A plastic bottle, 50 grammes of sulphite powder topped up with water to 500mls gives you a 10% solution which is the usually recommended strength for sanitising. In a tightly capped bottle it should last about 6 months. I just keep mine in a spray.

You can add the citric acid, it just makes the SO2 active quicker.

You then just spray everthing as you're already aware. I then just leave it for a couple of minutes contact time and then shake off/out any excess liquid before adding water, honey etc for the ferment.

If youre not sure, keep you made up sulphite solution in the fridge, that should keep it better than just in a closet......

Visionist
11-22-2013, 03:52 PM
Does this look fine? I havent added the yeast yet, I added a bit too much water as I filled it to a gallon before adding the orange. I let out some water and added some more honey to make up.
http://imgur.com/QrTqCY8

psychopomp23
11-22-2013, 04:02 PM
Does this look fine?

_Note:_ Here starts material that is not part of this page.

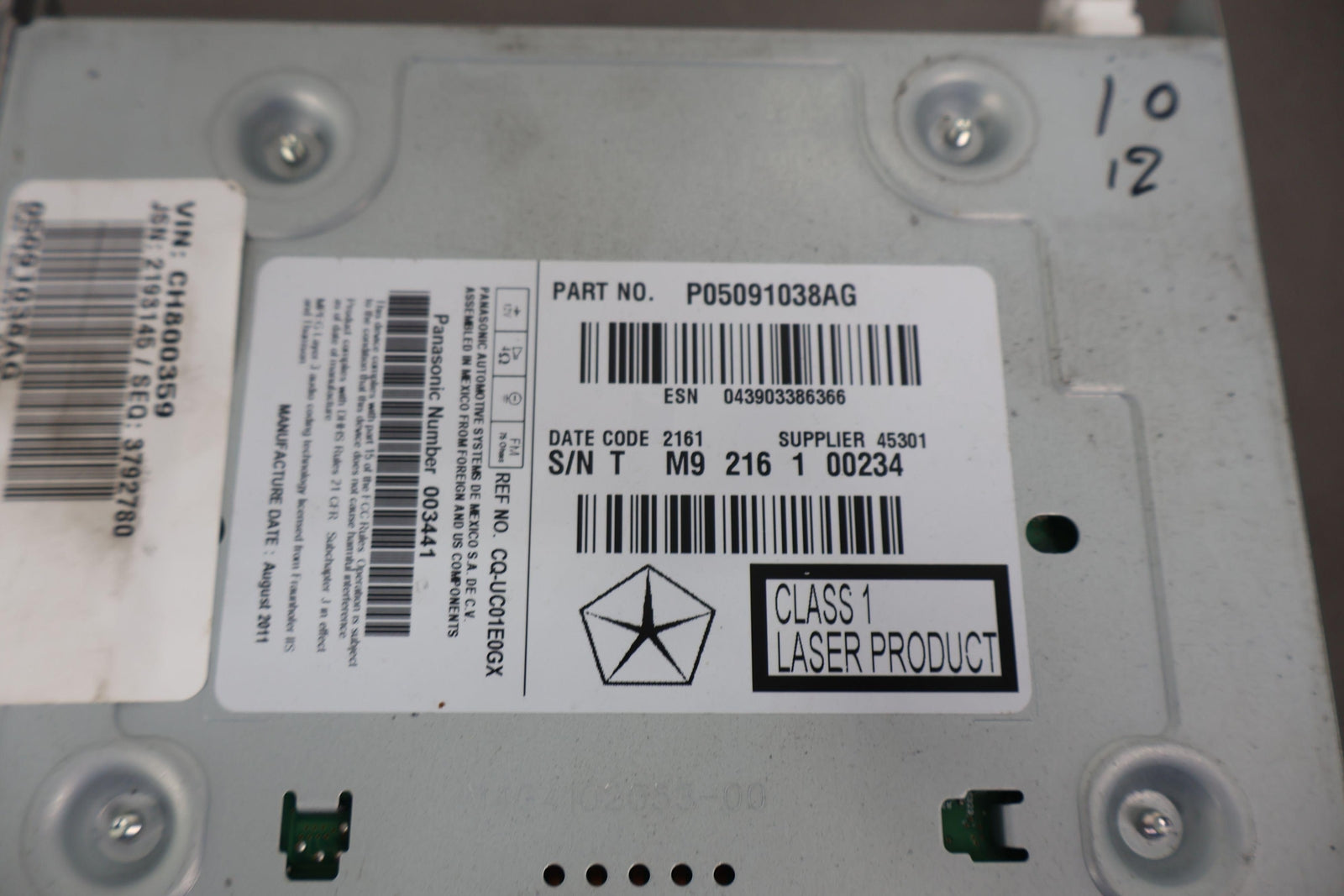 Am-fm-cd-dvd-mp3-wma-navigation Radio Receiver (opt Rb5), Tseted, Functions Properly, 5091038ag

I havent added the yeast yet, I added a bit too much water as I filled it to a gallon before adding the orange. I let out some water and added some more honey to make up.
http://imgur.com/QrTqCY8

looks good. I see you used the Walmart brand honey! Let me know how it turns out.

And i think you would've been fine without adding the honey. i don't think you had to removed THAT much water/honey mix

joemirando
11-22-2013, 07:24 PM
Does this look fine? I havent added the yeast yet, I added a bit too much water as I filled it to a gallon before adding the orange. I let out some water and added some more honey to make up.
http://imgur.com/QrTqCY8

It looks good to me. In the future, when you fill the jug "too full" you can pour the excess into something (an empty honey bottle or jar is what I use) and keep it in the refrigerator so that you can add it to either this batch or another one. I have several partial bottles of different musts in the freezer, which I will at some point mix together to make a "mongrel" batch.